▸ THE DATA:
___
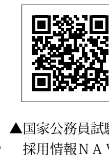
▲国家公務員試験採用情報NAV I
___
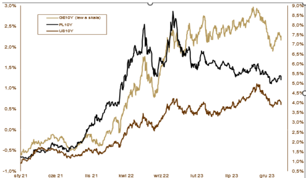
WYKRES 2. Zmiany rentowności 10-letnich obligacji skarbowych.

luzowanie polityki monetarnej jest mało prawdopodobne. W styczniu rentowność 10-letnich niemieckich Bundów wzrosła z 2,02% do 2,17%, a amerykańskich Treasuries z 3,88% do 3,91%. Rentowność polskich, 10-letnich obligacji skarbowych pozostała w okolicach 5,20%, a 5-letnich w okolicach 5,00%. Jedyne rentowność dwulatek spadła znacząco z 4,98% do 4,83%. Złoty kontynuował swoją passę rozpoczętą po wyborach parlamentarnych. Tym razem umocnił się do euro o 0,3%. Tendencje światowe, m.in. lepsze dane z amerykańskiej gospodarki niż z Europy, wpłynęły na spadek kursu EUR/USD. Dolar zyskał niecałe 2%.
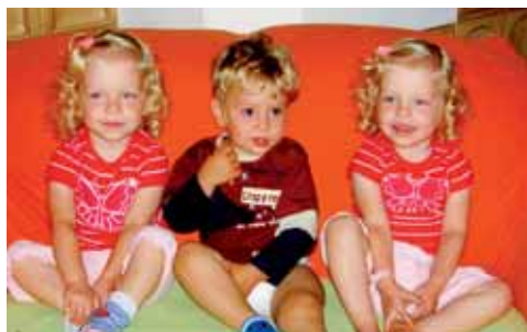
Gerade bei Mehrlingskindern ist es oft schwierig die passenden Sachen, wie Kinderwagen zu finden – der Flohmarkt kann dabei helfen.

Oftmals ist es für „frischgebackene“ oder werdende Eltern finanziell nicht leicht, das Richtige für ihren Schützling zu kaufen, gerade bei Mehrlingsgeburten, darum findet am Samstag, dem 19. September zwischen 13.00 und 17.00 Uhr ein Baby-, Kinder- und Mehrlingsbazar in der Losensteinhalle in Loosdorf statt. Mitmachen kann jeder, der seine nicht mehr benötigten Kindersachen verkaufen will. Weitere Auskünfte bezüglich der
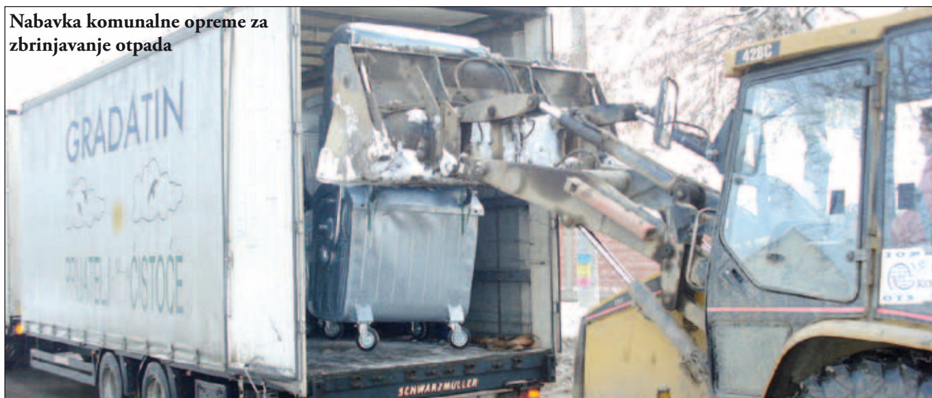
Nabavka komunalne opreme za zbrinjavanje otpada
___
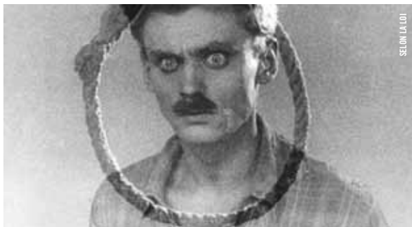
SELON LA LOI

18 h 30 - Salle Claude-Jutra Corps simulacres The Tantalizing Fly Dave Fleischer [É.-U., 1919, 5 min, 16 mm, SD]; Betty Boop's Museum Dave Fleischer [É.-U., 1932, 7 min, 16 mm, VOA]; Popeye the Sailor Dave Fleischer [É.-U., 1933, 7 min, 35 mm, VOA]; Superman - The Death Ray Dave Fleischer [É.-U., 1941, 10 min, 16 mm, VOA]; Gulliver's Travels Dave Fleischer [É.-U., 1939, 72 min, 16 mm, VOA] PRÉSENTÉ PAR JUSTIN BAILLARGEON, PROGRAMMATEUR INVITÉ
___
▸ TASK PROMPT: Copy out, from the records above, every line that holds the string "obligacji".

▸ ANSWER TO THE PROBLEM:
WYKRES 2. Zmiany rentowności 10-letnich obligacji skarbowych.
luzowanie polityki monetarnej jest mało prawdopodobne. W styczniu rentowność 10-letnich niemieckich Bundów wzrosła z 2,02% do 2,17%, a amerykańskich Treasuries z 3,88% do 3,91%. Rentowność polskich, 10-letnich obligacji skarbowych pozostała w okolicach 5,20%, a 5-letnich w okolicach 5,00%. Jedyne rentowność dwulatek spadła znacząco z 4,98% do 4,83%. Złoty kontynuował swoją passę rozpoczętą po wyborach parlamentarnych. Tym razem umocnił się do euro o 0,3%. Tendencje światowe, m.in. lepsze dane z amerykańskiej gospodarki niż z Europy, wpłynęły na spadek kursu EUR/USD. Dolar zyskał niecałe 2%.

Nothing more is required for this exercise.